The local association is also one of eight partner agencies involved in a four-county rapid response treatment and education service for young people called Lynx – Early Psychosis Intervention. Designed for individuals between the ages of 14 and 35, the initiative works on the basis that early identification, assessment and treatment can lead to significantly improved outcomes for individuals suffering with a psychotic illness.
“We assist anyone 16 years of age and older, to help them with whatever goals they may have. We help people manage symptoms of serious mental health concerns or illness. We help people with housing, with their vocation, we help people involved in the justice system,” Veitch said. “We have a 24-hour crisis line that’s open seven days a week, 365 days a year that people can call if they’re struggling, or need help, whatever the case may be.”
Veitch said the local CMHA also has a “boots on the ground” case manager who works intensively with people one-to-one to help them through their issues.
While he believes those who need mental health supports should absolutely seek them out, Veitch says he doesn’t buy into the idea that mental health can only be improved by way of professional assistance.
“I think there is certain credence to the idea that we can do things independently to benefit our mental health.

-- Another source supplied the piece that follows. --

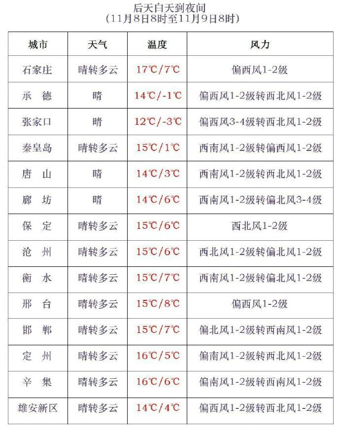 8日早晨到9日早晨,全省大部分地区最低气温累计下降3~5℃,局地下降6~8℃。(河北天气)

I would think if I’m exercising, keeping active, making sure I’m eating properly, making sure I’m connecting with peers and getting adequate sleep – those are things I can do that are going to take care of my mental health,” Veitch said.
“What I would suggest though, if it’s becoming problematic, the last thing you want to do is bottle things up, or not reach out for help. Mental health is like any other illness. Most illnesses left untreated over a period of time, more often than not, the symptoms will get worse. Mental health is no different,” Veitch added. “If you leave those symptoms untreated over time, they’re going to worsen.”
There are some easy-to-spot signs that can indicate someone is struggling with their mental health, Veitch points out.
“There are always thing – the one people can often look to is isolation, or withdrawal. Changes in appetite is another big one, or lack of interest in appearance or activities that would otherwise have caused excitement,” Veitch said. “The one I always come back to and remind people of is a major change in baseline behaviour. Seeing a person change their behaviour in a way that may be abnormal for them is a major red flag. That may be an indicator, to me, to start a conversation and see how they’re doing.”
When it comes to mental health, now more than ever, every action counts. Whether big or small, our actions can make a big difference in moving Canada’s mental health forward.